» **Assignment**
Lines to be reproduced exactly: the one that holds "તવાંગ સેક્ટરમાં એલએસી" and all those after it through the end of the data. Include no others.

» **Data excerpt**

◇ ◇ ◇

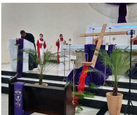
Terça-feira Santa: Celebração Penitencial
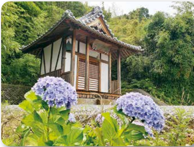
▲河内観音堂とアジサイ（大柿町）
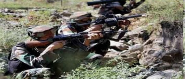
તવાંગ સેક્ટરમાં એલએસી પર ૯ ડિસેમ્બરે પીએલએ સૈનિકો સાથે અથડામણ થઈ હતી. અમારા સૈનિકોએ નિશ્ચય સાથે ચીની સૈનિકોનો સામનો કર્યો. આ અથડામણમાં બંને પક્ષના કેટલાક સૈનિકોને સામાન્ય ઈજાઓ થઈ હતી. સૂત્રોએ જણાવ્યું હતું કે બંને પક્ષો તરત જ વિસ્તારમાંથી પીછેહઠ કરી ગયા હતા. ચીન અરુણાચલ પ્રદેશના તવાંગને તિબેટનો ભાગ માને છે. ચીનની ફાઈવ ફિંગર્સ ઓફ તિબેટ નીતિમાં તવાંગનો પણ સમાવેશ થાય છે. ૨૦૧૭માં ડોકલામમાં પણ ચીનની ફાઈવ ફિંગર્સ પોલિસી હેઠળ

નવીદિલ્હી, ડોકલામ અને લદાખ બાદ હવે ચીને તવાંગમાં પણ ઘુસણખોરીનો પ્રયાસ કર્યો છે, જે બાદ ભારતીય અને ચીની સૈનિકો વચ્ચે અથડામણ થઈ છે. ૯ ડિસેમ્બરે પેટ્રોલિંગ દરમિયાન બંને દેશોની સેના આમને-સામને આવી ગઈ હતી. મળતી માહિતી મુજબ આ વિવાદ ચીન તરફથી શરૂ થયો હતો. ત્યારબાદ ભારતીય સૈનિકોએ જવાબી કાર્યવાહી કરી અને ૩૦૦ ચીની સૈનિકોનો પીછો કર્યો. જેમાં ૨૦-૩૦ સૈનિકો ઘાયલ થયા હતા. આ અથડામણ તવાંગ સેક્ટરમાં ત્યારે થઈ જ્યારે બંને દેશોની સેના પેટ્રોલિંગ દરમિયાન એકબીજાની સામે આવી ગઈ. ચીનની સેના એલએસી સુધી પહોંચવાનો પ્રયાસ કરી રહી હતી. તે જ સમયે, ભારતીય સૈનિકોએ ચીની સૈનિકોનો મજબૂતીથી સામનો કર્યો. આ અથડામણ ૯ ડિસેમ્બરે થઈ હતી. એક સૂત્રએ જણાવ્યું કે,

◇ ◇ ◇

» **Your solution**
તવાંગ સેક્ટરમાં એલએસી પર ૯ ડિસેમ્બરે પીએલએ સૈનિકો સાથે અથડામણ થઈ હતી. અમારા સૈનિકોએ નિશ્ચય સાથે ચીની સૈનિકોનો સામનો કર્યો. આ અથડામણમાં બંને પક્ષના કેટલાક સૈનિકોને સામાન્ય ઈજાઓ થઈ હતી. સૂત્રોએ જણાવ્યું હતું કે બંને પક્ષો તરત જ વિસ્તારમાંથી પીછેહઠ કરી ગયા હતા. ચીન અરુણાચલ પ્રદેશના તવાંગને તિબેટનો ભાગ માને છે. ચીનની ફાઈવ ફિંગર્સ ઓફ તિબેટ નીતિમાં તવાંગનો પણ સમાવેશ થાય છે. ૨૦૧૭માં ડોકલામમાં પણ ચીનની ફાઈવ ફિંગર્સ પોલિસી હેઠળ

નવીદિલ્હી, ડોકલામ અને લદાખ બાદ હવે ચીને તવાંગમાં પણ ઘુસણખોરીનો પ્રયાસ કર્યો છે, જે બાદ ભારતીય અને ચીની સૈનિકો વચ્ચે અથડામણ થઈ છે. ૯ ડિસેમ્બરે પેટ્રોલિંગ દરમિયાન બંને દેશોની સેના આમને-સામને આવી ગઈ હતી. મળતી માહિતી મુજબ આ વિવાદ ચીન તરફથી શરૂ થયો હતો. ત્યારબાદ ભારતીય સૈનિકોએ જવાબી કાર્યવાહી કરી અને ૩૦૦ ચીની સૈનિકોનો પીછો કર્યો. જેમાં ૨૦-૩૦ સૈનિકો ઘાયલ થયા હતા. આ અથડામણ તવાંગ સેક્ટરમાં ત્યારે થઈ જ્યારે બંને દેશોની સેના પેટ્રોલિંગ દરમિયાન એકબીજાની સામે આવી ગઈ. ચીનની સેના એલએસી સુધી પહોંચવાનો પ્રયાસ કરી રહી હતી. તે જ સમયે, ભારતીય સૈનિકોએ ચીની સૈનિકોનો મજબૂતીથી સામનો કર્યો. આ અથડામણ ૯ ડિસેમ્બરે થઈ હતી. એક સૂત્રએ જણાવ્યું કે,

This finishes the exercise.